Material provided section start
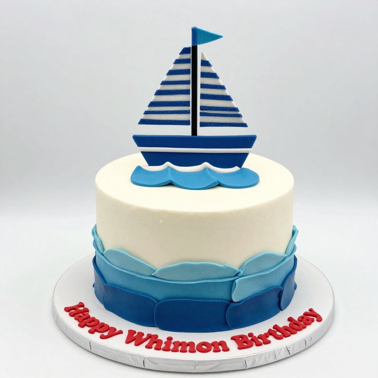 Nautical-themed birthday cake featuring a smooth white top adorned with a detailed sailboat decoration, blue fondant waves, and layered ruffles in varying shades of blue, set atop a circular base inscribed with \"Happy Whimon Birthday\" in bold red letters.
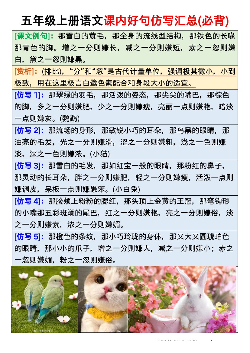 小学 【1-8课(课内好句仿写汇总)】五上语文
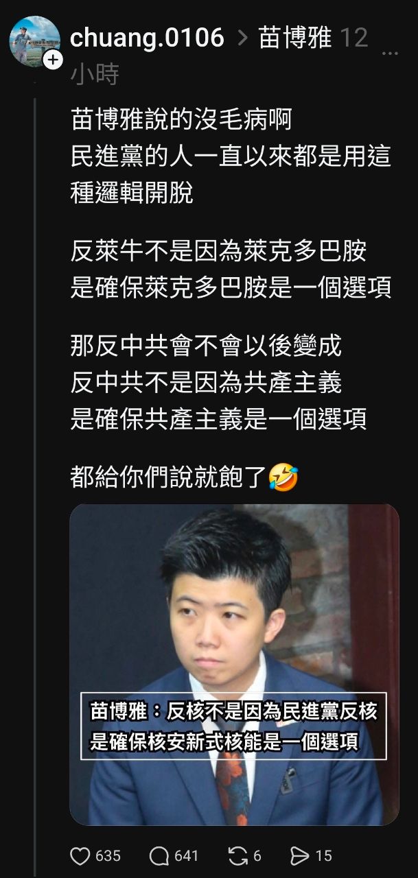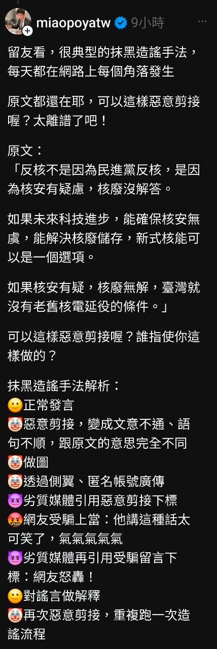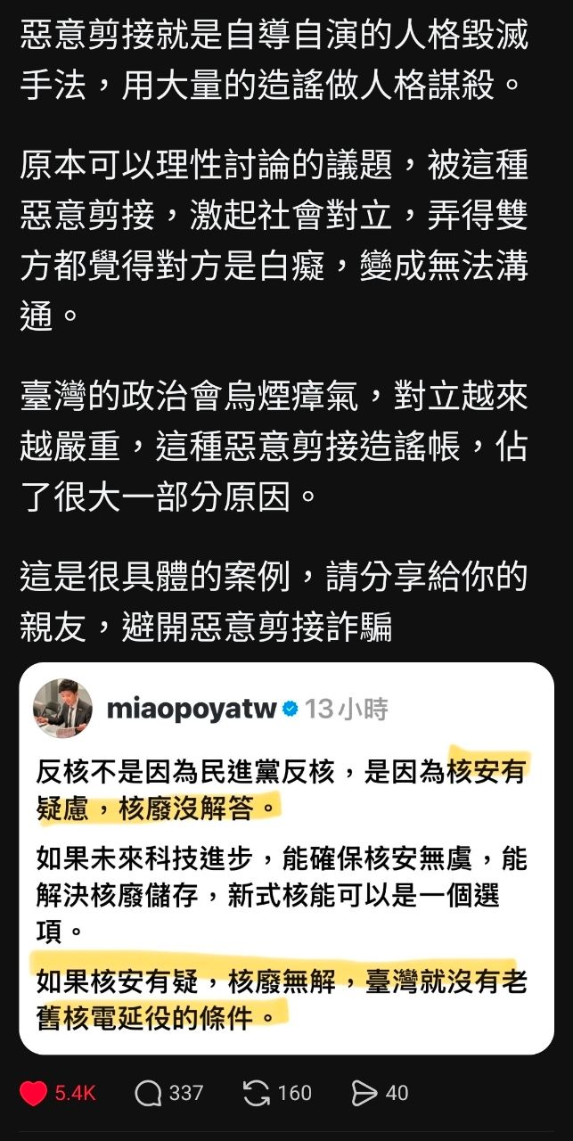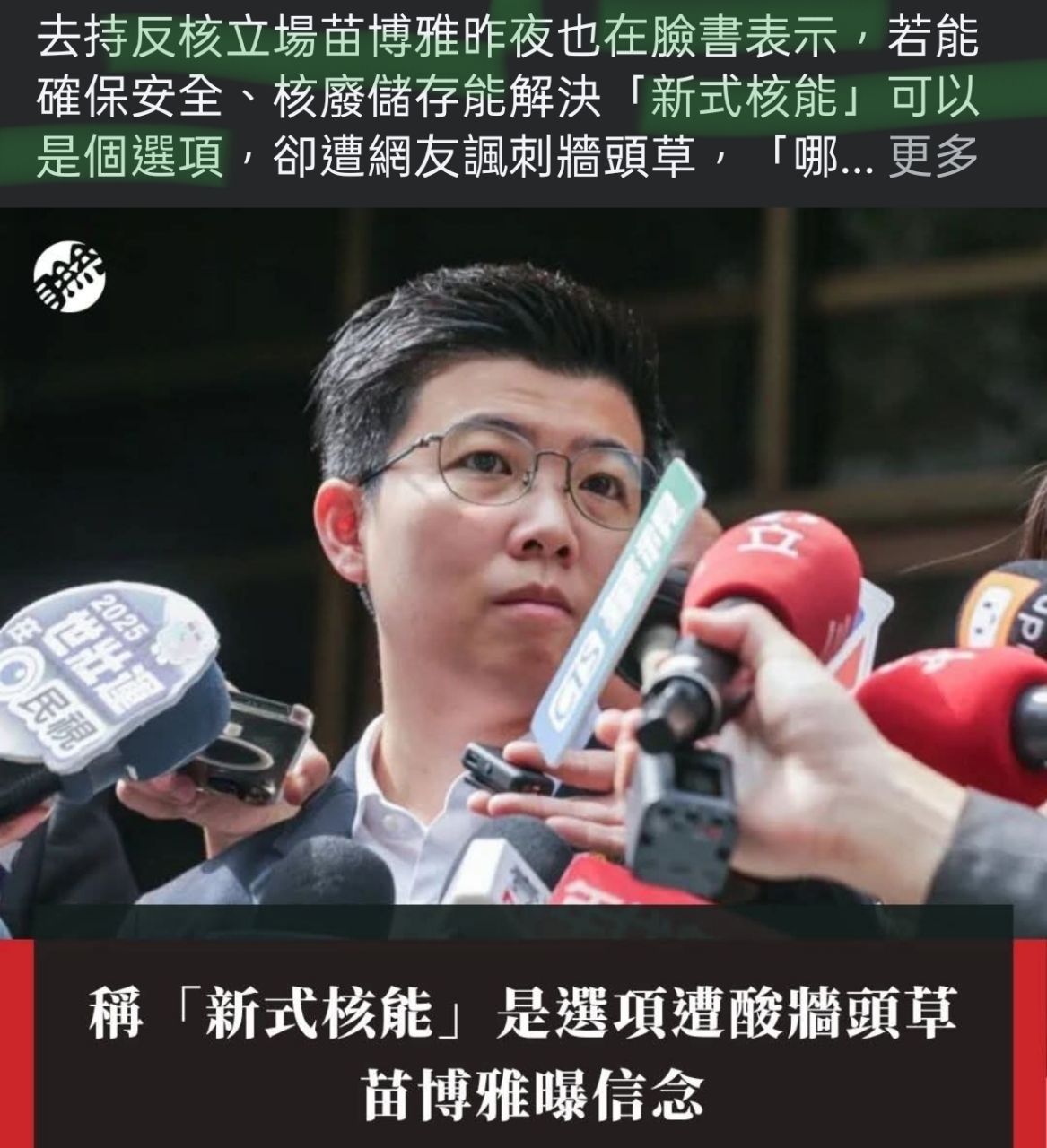 標題[討論] 慟!苗博雅:我的核能立場被抹黑了!
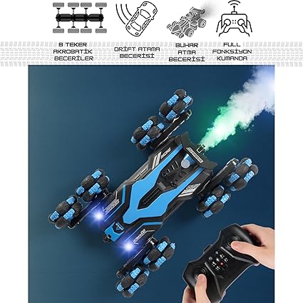 Oyuncak 2.4 Ghz Uzaktan Kumandalı Full Fonksiyon Drift Atan 8 Teker Buharlı Akrobat Araba (kırmızı ve mavi iki renk seçeneği)
Material provided section end
The response should restate the material above word for word and contain no pictures.

 Nautical-themed birthday cake featuring a smooth white top adorned with a detailed sailboat decoration, blue fondant waves, and layered ruffles in varying shades of blue, set atop a circular base inscribed with \"Happy Whimon Birthday\" in bold red letters.
 小学 【1-8课(课内好句仿写汇总)】五上语文
 標題[討論] 慟!苗博雅:我的核能立場被抹黑了!
 Oyuncak 2.4 Ghz Uzaktan Kumandalı Full Fonksiyon Drift Atan 8 Teker Buharlı Akrobat Araba (kırmızı ve mavi iki renk seçeneği)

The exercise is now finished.